__Task to complete__. Find the line containing "Photo N° 137" in the listing below. Repeat it exactly, along with each following line up to and including the one containing "Obradović uvek radi".

__Provided records__.
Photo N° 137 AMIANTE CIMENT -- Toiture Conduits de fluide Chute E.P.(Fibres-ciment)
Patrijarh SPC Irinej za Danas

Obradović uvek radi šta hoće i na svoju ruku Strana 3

==

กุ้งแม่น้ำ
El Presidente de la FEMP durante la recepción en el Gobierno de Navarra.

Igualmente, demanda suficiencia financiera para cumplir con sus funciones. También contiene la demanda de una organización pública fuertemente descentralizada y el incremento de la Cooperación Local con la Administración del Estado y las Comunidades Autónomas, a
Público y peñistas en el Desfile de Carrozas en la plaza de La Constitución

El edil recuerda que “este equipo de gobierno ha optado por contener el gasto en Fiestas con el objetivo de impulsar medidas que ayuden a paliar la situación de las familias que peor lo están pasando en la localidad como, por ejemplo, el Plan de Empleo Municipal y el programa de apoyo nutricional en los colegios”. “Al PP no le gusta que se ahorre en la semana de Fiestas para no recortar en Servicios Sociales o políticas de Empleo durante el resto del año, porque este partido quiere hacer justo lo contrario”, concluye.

__Solution to the problem__.
Photo N° 137 AMIANTE CIMENT -- Toiture Conduits de fluide Chute E.P.(Fibres-ciment)
Patrijarh SPC Irinej za Danas

Obradović uvek radi šta hoće i na svoju ruku Strana 3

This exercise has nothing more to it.